┌──
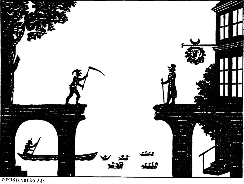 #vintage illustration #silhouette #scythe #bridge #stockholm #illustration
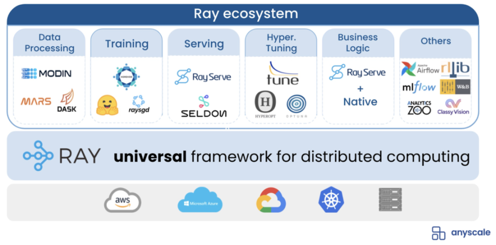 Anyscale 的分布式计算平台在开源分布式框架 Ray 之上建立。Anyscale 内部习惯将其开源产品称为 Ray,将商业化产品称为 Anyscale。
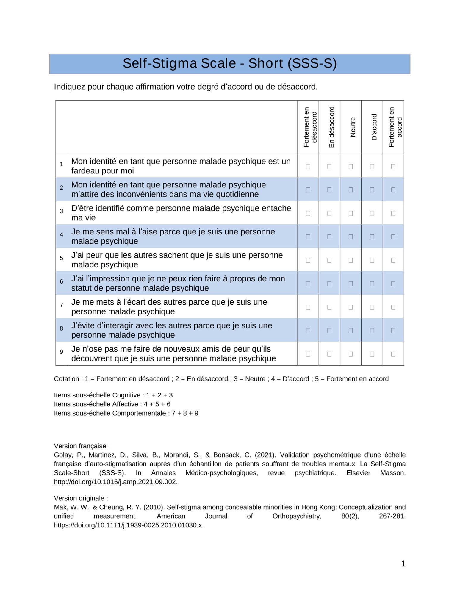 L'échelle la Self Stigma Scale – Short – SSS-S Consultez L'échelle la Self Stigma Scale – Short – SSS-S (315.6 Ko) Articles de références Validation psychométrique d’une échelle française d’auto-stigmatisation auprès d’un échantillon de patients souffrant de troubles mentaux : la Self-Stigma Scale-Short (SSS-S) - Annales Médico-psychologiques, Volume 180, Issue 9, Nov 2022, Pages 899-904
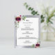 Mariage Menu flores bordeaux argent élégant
└──
# ABOUT THIS EXERCISE
Copy out the data verbatim, with no pictures.

# REPLY TO THE TASK
 #vintage illustration #silhouette #scythe #bridge #stockholm #illustration
 Anyscale 的分布式计算平台在开源分布式框架 Ray 之上建立。Anyscale 内部习惯将其开源产品称为 Ray,将商业化产品称为 Anyscale。
 L'échelle la Self Stigma Scale – Short – SSS-S Consultez L'échelle la Self Stigma Scale – Short – SSS-S (315.6 Ko) Articles de références Validation psychométrique d’une échelle française d’auto-stigmatisation auprès d’un échantillon de patients souffrant de troubles mentaux : la Self-Stigma Scale-Short (SSS-S) - Annales Médico-psychologiques, Volume 180, Issue 9, Nov 2022, Pages 899-904
 Mariage Menu flores bordeaux argent élégant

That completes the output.